**SUPPLIED MATERIAL**

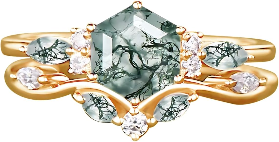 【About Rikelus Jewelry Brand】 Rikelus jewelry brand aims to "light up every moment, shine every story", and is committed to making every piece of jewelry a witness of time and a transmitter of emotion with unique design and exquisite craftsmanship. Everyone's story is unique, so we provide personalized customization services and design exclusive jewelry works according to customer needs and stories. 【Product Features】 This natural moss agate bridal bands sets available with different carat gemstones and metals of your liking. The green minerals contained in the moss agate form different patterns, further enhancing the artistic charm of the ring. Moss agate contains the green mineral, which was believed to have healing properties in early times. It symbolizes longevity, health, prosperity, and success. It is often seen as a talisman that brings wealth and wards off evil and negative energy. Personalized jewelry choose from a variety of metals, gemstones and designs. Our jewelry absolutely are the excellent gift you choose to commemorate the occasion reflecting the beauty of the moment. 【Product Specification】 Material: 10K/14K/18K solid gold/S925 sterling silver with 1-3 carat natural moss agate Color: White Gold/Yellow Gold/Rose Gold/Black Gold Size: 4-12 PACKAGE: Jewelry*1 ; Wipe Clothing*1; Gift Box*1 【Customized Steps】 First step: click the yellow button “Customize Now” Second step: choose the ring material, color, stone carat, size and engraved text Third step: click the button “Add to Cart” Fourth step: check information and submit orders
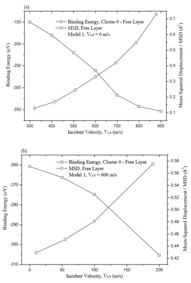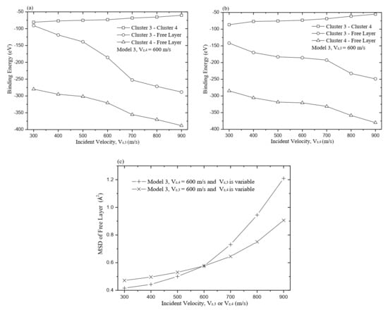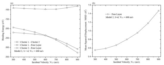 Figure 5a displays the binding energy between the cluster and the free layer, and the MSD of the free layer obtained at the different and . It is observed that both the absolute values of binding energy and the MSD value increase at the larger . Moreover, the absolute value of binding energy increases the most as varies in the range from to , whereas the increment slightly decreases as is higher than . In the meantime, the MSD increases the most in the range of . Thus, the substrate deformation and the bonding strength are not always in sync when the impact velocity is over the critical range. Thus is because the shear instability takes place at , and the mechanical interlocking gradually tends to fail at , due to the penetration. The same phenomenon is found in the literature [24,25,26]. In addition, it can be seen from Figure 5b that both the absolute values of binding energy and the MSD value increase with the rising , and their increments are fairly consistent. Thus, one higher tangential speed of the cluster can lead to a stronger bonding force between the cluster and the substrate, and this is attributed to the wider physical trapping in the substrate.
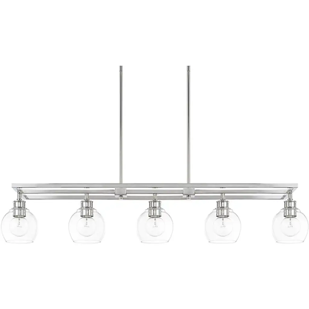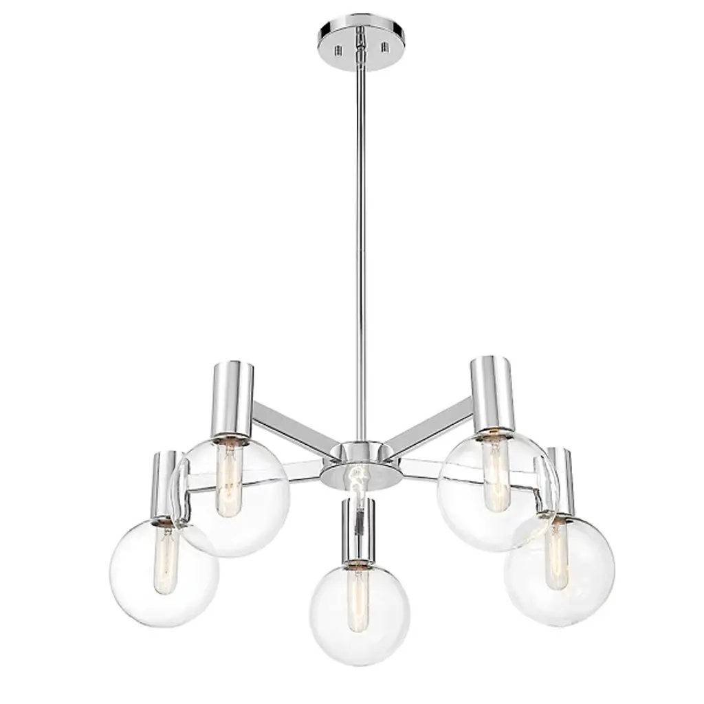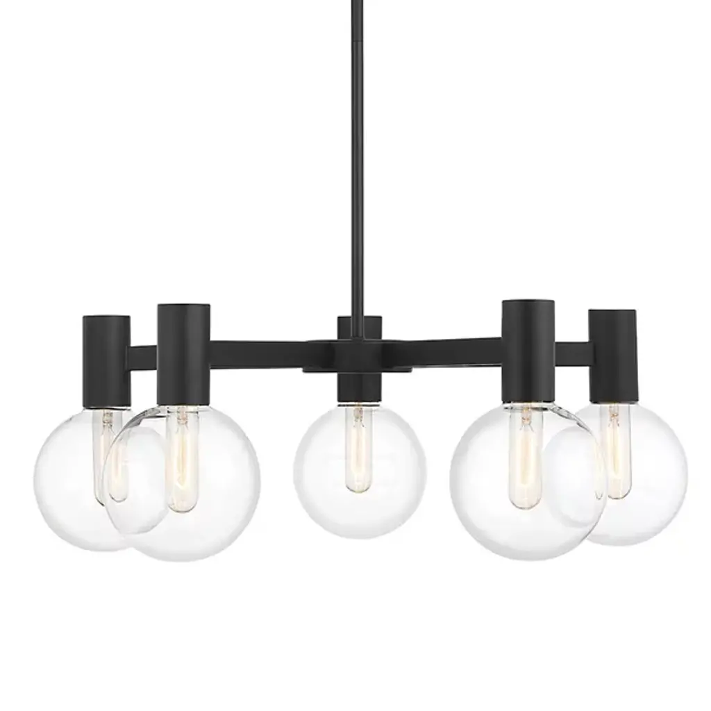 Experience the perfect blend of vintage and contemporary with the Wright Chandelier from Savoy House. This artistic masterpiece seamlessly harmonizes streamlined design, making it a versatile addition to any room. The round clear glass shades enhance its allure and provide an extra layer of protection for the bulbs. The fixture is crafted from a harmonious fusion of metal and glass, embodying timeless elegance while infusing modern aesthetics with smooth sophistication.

**REQUIRED WORK**
Return the data word for word without its pictures.

**SOLUTION FOR THIS PROBLEM**
 【About Rikelus Jewelry Brand】 Rikelus jewelry brand aims to "light up every moment, shine every story", and is committed to making every piece of jewelry a witness of time and a transmitter of emotion with unique design and exquisite craftsmanship. Everyone's story is unique, so we provide personalized customization services and design exclusive jewelry works according to customer needs and stories. 【Product Features】 This natural moss agate bridal bands sets available with different carat gemstones and metals of your liking. The green minerals contained in the moss agate form different patterns, further enhancing the artistic charm of the ring. Moss agate contains the green mineral, which was believed to have healing properties in early times. It symbolizes longevity, health, prosperity, and success. It is often seen as a talisman that brings wealth and wards off evil and negative energy. Personalized jewelry choose from a variety of metals, gemstones and designs. Our jewelry absolutely are the excellent gift you choose to commemorate the occasion reflecting the beauty of the moment. 【Product Specification】 Material: 10K/14K/18K solid gold/S925 sterling silver with 1-3 carat natural moss agate Color: White Gold/Yellow Gold/Rose Gold/Black Gold Size: 4-12 PACKAGE: Jewelry*1 ; Wipe Clothing*1; Gift Box*1 【Customized Steps】 First step: click the yellow button “Customize Now” Second step: choose the ring material, color, stone carat, size and engraved text Third step: click the button “Add to Cart” Fourth step: check information and submit orders
 Figure 5a displays the binding energy between the cluster and the free layer, and the MSD of the free layer obtained at the different and . It is observed that both the absolute values of binding energy and the MSD value increase at the larger . Moreover, the absolute value of binding energy increases the most as varies in the range from to , whereas the increment slightly decreases as is higher than . In the meantime, the MSD increases the most in the range of . Thus, the substrate deformation and the bonding strength are not always in sync when the impact velocity is over the critical range. Thus is because the shear instability takes place at , and the mechanical interlocking gradually tends to fail at , due to the penetration. The same phenomenon is found in the literature [24,25,26]. In addition, it can be seen from Figure 5b that both the absolute values of binding energy and the MSD value increase with the rising , and their increments are fairly consistent. Thus, one higher tangential speed of the cluster can lead to a stronger bonding force between the cluster and the substrate, and this is attributed to the wider physical trapping in the substrate.
 Experience the perfect blend of vintage and contemporary with the Wright Chandelier from Savoy House. This artistic masterpiece seamlessly harmonizes streamlined design, making it a versatile addition to any room. The round clear glass shades enhance its allure and provide an extra layer of protection for the bulbs. The fixture is crafted from a harmonious fusion of metal and glass, embodying timeless elegance while infusing modern aesthetics with smooth sophistication.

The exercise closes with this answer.